An analytical perspective on the ‘Armada Portrait’

Painted in 1588, the Armada Portrait sums up the devastating or triumphant events of the same year, depending on the view you take. Elizabeth I successfully fought off the Spanish Catholic threat that was openly supported by Pope Sixtus V and led by King Philip II.

The Queen herself is portrayed as a heroic warrior, which is illustrated through the paintings of the jubilant happenings within the naval war within the portrait, giving a dramatic insight of another place and time in the painting. Elizabeth’s face is cold and strong, giving the essence of her power, authority and representing her undefeated throne. It may have even acted as an instrument of humiliation for the defeated party. The fact her hand is firmly placed over a globe illuminates her unlimited power over nations, especially over the Americas which is the country her hand is touching. At this time, she was colonising the Americas with the help of her close advisor Francis Drake, later made Sir. The crown very visibly placed behind her reminds the audience of her status and position, thereby stressing the obedience required of them.
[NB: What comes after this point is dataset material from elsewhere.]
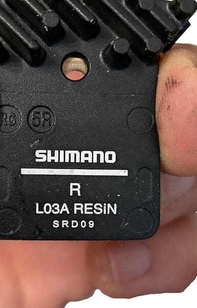 Here we have pads with a « radiator » which can provide information on the direction of assembly. Other pads do not have them, however there are always the R and L position indications as for the brake pads. Since the calipers are on the left side of the bike, the R pads are closest to the frame and the L ones are furthest away.

The wearing of multiple bows, especially one placed on her lower abdominal area emphasises her sexual innocence and highlights the fact she had supreme power without depending at all on a male partner. This gives a complete contrast to traditional views of women and they way they were portrayed in earlier paintings. It has been noted that the mermaid carving symbolises the destructive nature of women, and the fact Elizabeth has her back to it illustrates her going against this perspective. (Clare from ‘The Elizabeth Files).

The use of red can be interpreted in many different ways. Firstly, it could represent the lust over the Queen that men may have experienced, and her virginity causing her to be more attractive. On the other hand, it could symbolise the danger she presented to her enemies, as she had just defeated a great nation and opposing religion, which is the final interpretation of this colour. Green is interestingly used, as it is known to portray fertility and the nature of Elizabeth’s personal life goes against this theory. However, it could be argued that green represents the fertility of her kingdom and the successes she was making, causing her to be a great monarch. Furthermore, it could show the safety Elizabeth created for England by winning the war against Spain and Catholicism. Lastly, similar to fertility, it could represent the wealth of her country, which links to the gains she was receiving in her colonies.

To me, this painting symbolises the exceeding amount of power Elizabeth gained as a result of her winning against a force that had been an increasing threat throughout the whole of her reign. This painting would have marked a celebration of her braveness and courage at a time of crisis, as well as her ability to act as a king in war; her speech to her troops at Tilsbury supports this greatly. Elizabeth should still be seen as a miraculous monarch that defended her country in a sophisticated and patriotic style.